**DATASET EXTRACT**
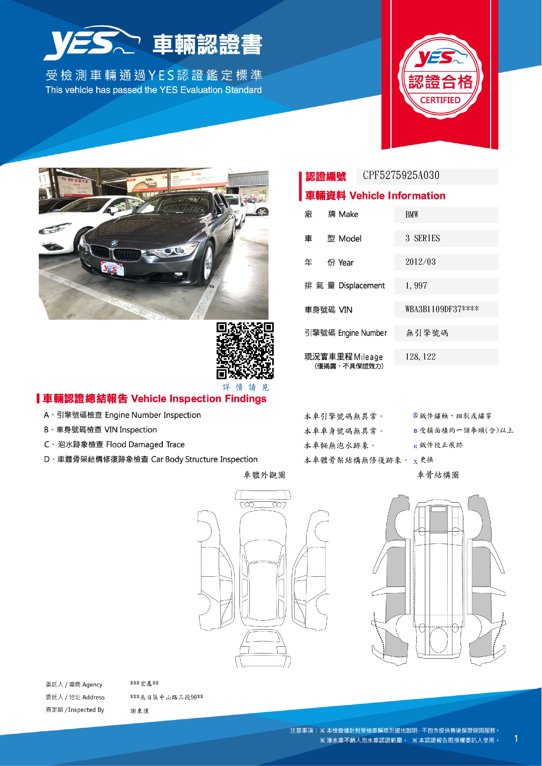 本車已由YES專業查定師完成 153 項檢測
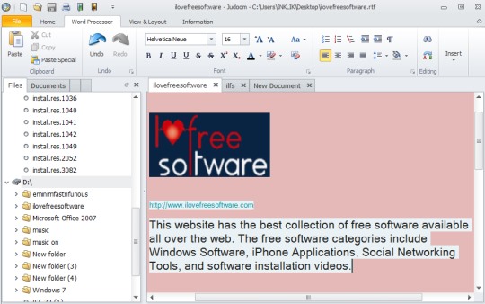 Judoom is a free word processor that is used to create, edit rich text documents, MS Word files, Open Office files, and plain text files.
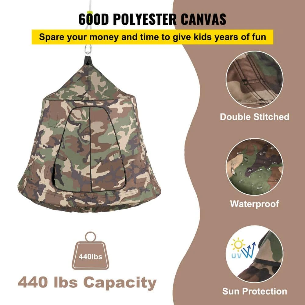 The VEVOR hanging tree tent goes beyond all the fun of our classic tent. It is lightweight and portable, and easy to hang almost anywhere, so it can travel wherever your family roams. You can take it to the beach, the park, camping, grandma’s house, or just your backyard to make a comfortable spot to play, read, listen to music, or just snuggle.
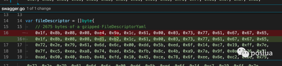 但是在多人协作的时候,总有个奇怪的问题:swagger 并没有更新,但是这个 fileDescriptor 有时却生成的不一样。并且每次都是文件头的第5-6个字节的位置:

**WHAT YOU WILL DO**
Transcribe every line of the data exactly. No pictures go in the copy.

**FINISHED TASK**
 本車已由YES專業查定師完成 153 項檢測
 Judoom is a free word processor that is used to create, edit rich text documents, MS Word files, Open Office files, and plain text files.
 The VEVOR hanging tree tent goes beyond all the fun of our classic tent. It is lightweight and portable, and easy to hang almost anywhere, so it can travel wherever your family roams. You can take it to the beach, the park, camping, grandma’s house, or just your backyard to make a comfortable spot to play, read, listen to music, or just snuggle.
 但是在多人协作的时候,总有个奇怪的问题:swagger 并没有更新,但是这个 fileDescriptor 有时却生成的不一样。并且每次都是文件头的第5-6个字节的位置:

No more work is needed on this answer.